[Stored records]
##########

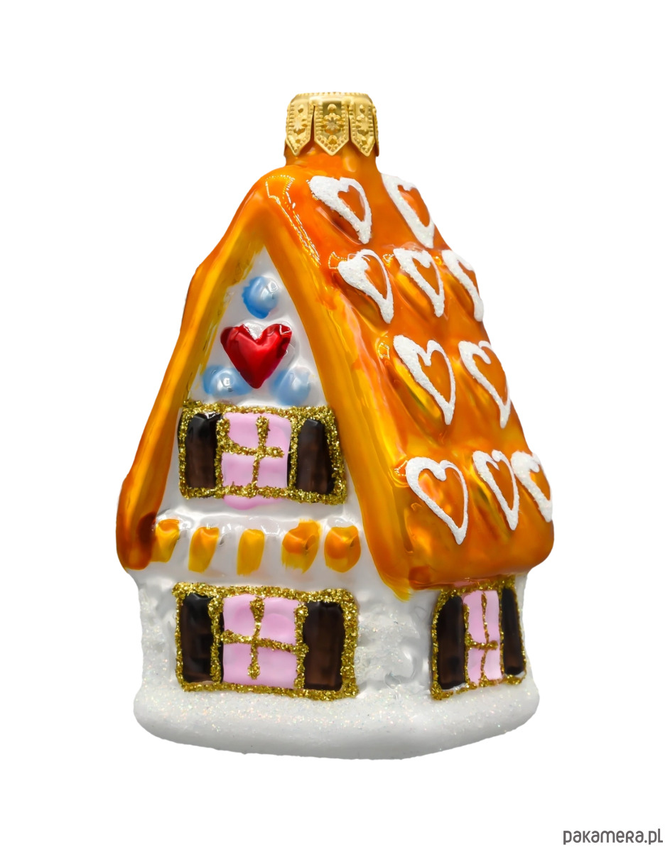 Wprowadź magię świąt do swojego domu dzięki ręcznie malowanej bombce choinkowej w kształcie domku piernikowego! Ta urocza ozdoba świąteczna wykonana jest z najwyższej jakości szkła i zachwyca precyzyjnym wykończeniem. Bombka przedstawia bajkowy domek z dachem ozdobionym białymi serduszkami przypominającymi lukier, złotymi akcentami oraz śnieżnym puchem u podstawy. Fasada domku zdobiona jest pastelowymi kolorami – różowymi oknami, czerwonym sercem oraz błękitnymi detalami, które dodają jej niezwykłego uroku i słodyczy.
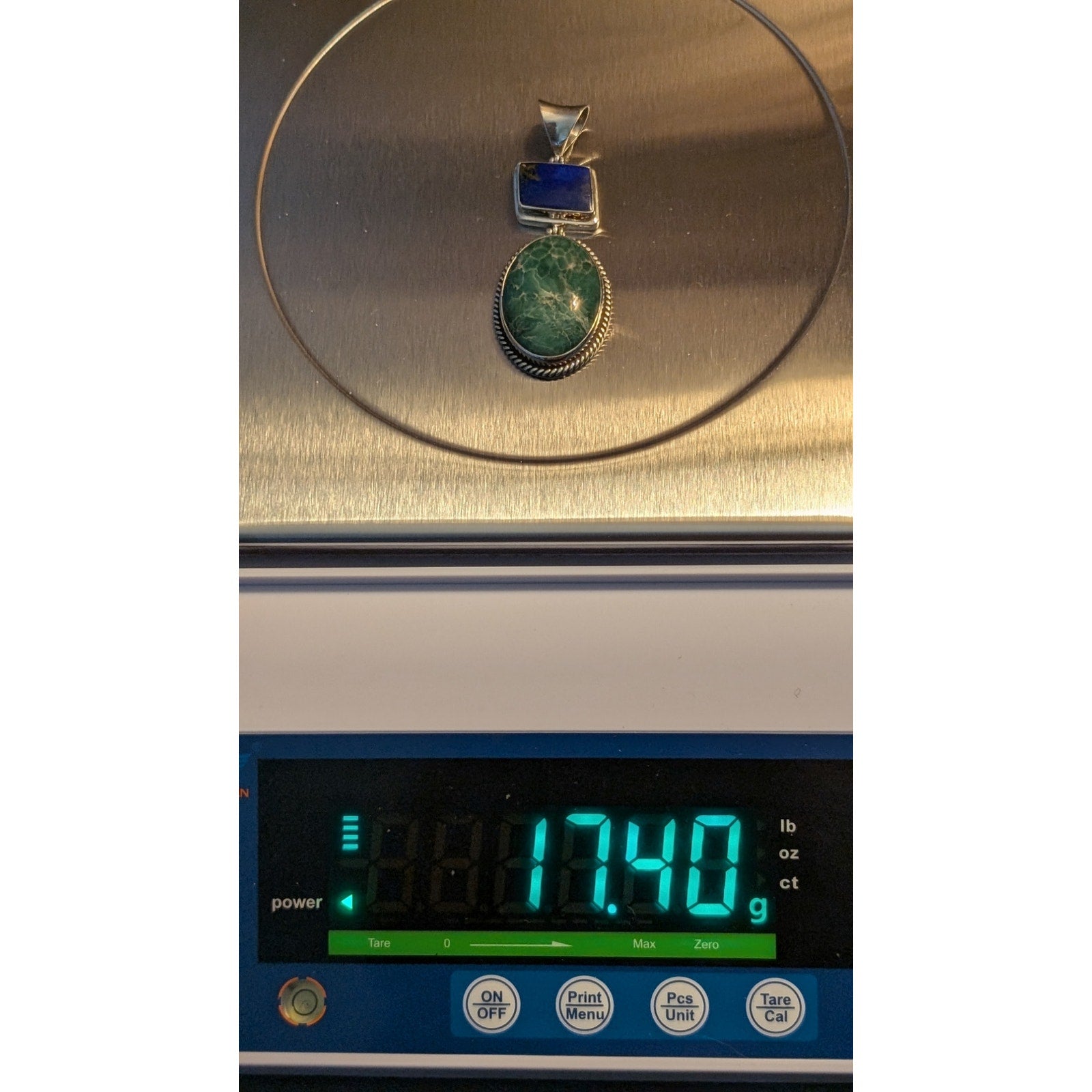Vintage Native American Green Marbled Stone & Blue Lapiz Hinged 925 Pendant. Gorgeous. Pre-owned, this vintage piece is in excellent condition.
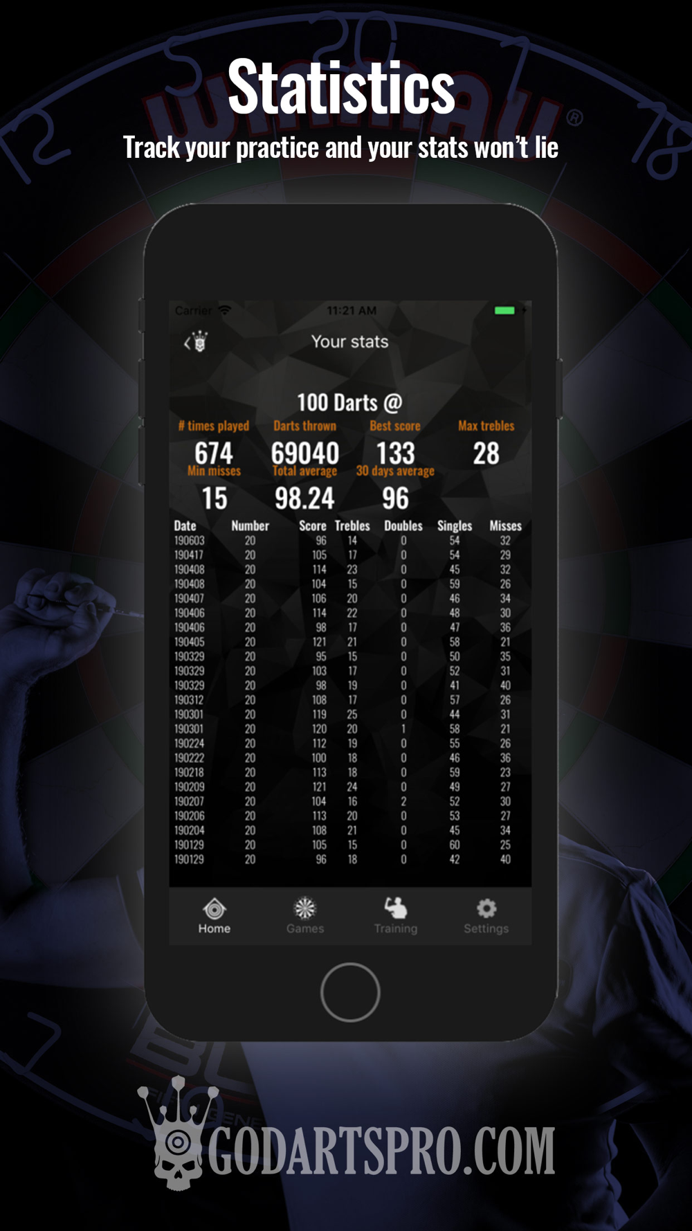 GoDartPro offers a vast amount of tools for getting your darts better. This app contains several easy-to-use darts games to make your training easy and challenging. More games will be added continuously.
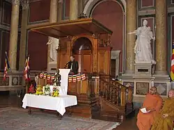 Im interreligiösen Dialog spielt der Verein eine durchaus angesehene Rolle.[13] Eine staatskirchenrechtliche Sonderstellung nimmt der Buddhismus insofern ein, als er (2014) die einzige der 14 anerkannten Kirchen oder Religionsgesellschaften ist, die nicht zu den Offenbarungsreligionen (Christentum, Islam, Judentum) gehört, sondern eine Erkenntnisreligion ist, also den Gottesbegriff vermeidet.[14] Europaweit beachtet wird die Organisation auch darum, weil sie die erste anerkannte und damit gesetzlich verfasste[4] buddhistische Organisation Europas war (1998 folgte Portugal, 2000 Italien).[15]
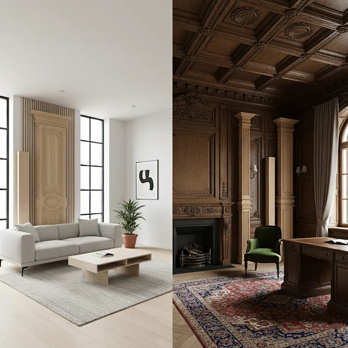 Комбинирование дуба и бука в одном интерьере требует осторожности. Разный цвет (дуб золотисто-коричневый, бук розоватый), разная текстура создают визуальный диссонанс, если элементы стоят рядом. Допустимое комбинирование: дубовый пол и буковые стеновые молдинги (разделены пространственно), дубовые дверные коробки и буковые потолочные карнизы (на разных уровнях). Недопустимое: дубовый плинтус и буковый наличник в одном дверном узле (разнотон очевиден).
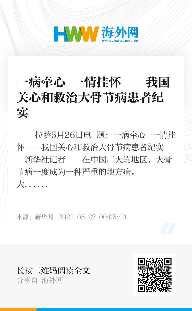 新华社拉萨5月26日电 题:一病牵心 一情挂怀——我国关心和救治大骨节病患者纪实
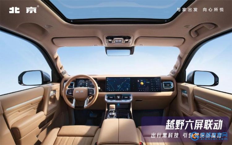BJ60雷霆内部同样延续了简约的设计风格,并运用大量软质材料进行包覆,整体极具质感。同时,新车还配备10.25英寸全液晶仪表、双12.8英寸联屏,并且还保留了中控台区域的大量实体按键,在营造出较强科技感的同时,也具有出色的实用性表现。

##########

Instructions for the task: All that is wanted is the lines above between the one containing "Vintage Native American" and the one containing "GoDartPro offers a", inclusive, restated word for word, with pictures omitted.

Written reply:
Vintage Native American Green Marbled Stone & Blue Lapiz Hinged 925 Pendant. Gorgeous. Pre-owned, this vintage piece is in excellent condition.
 GoDartPro offers a vast amount of tools for getting your darts better. This app contains several easy-to-use darts games to make your training easy and challenging. More games will be added continuously.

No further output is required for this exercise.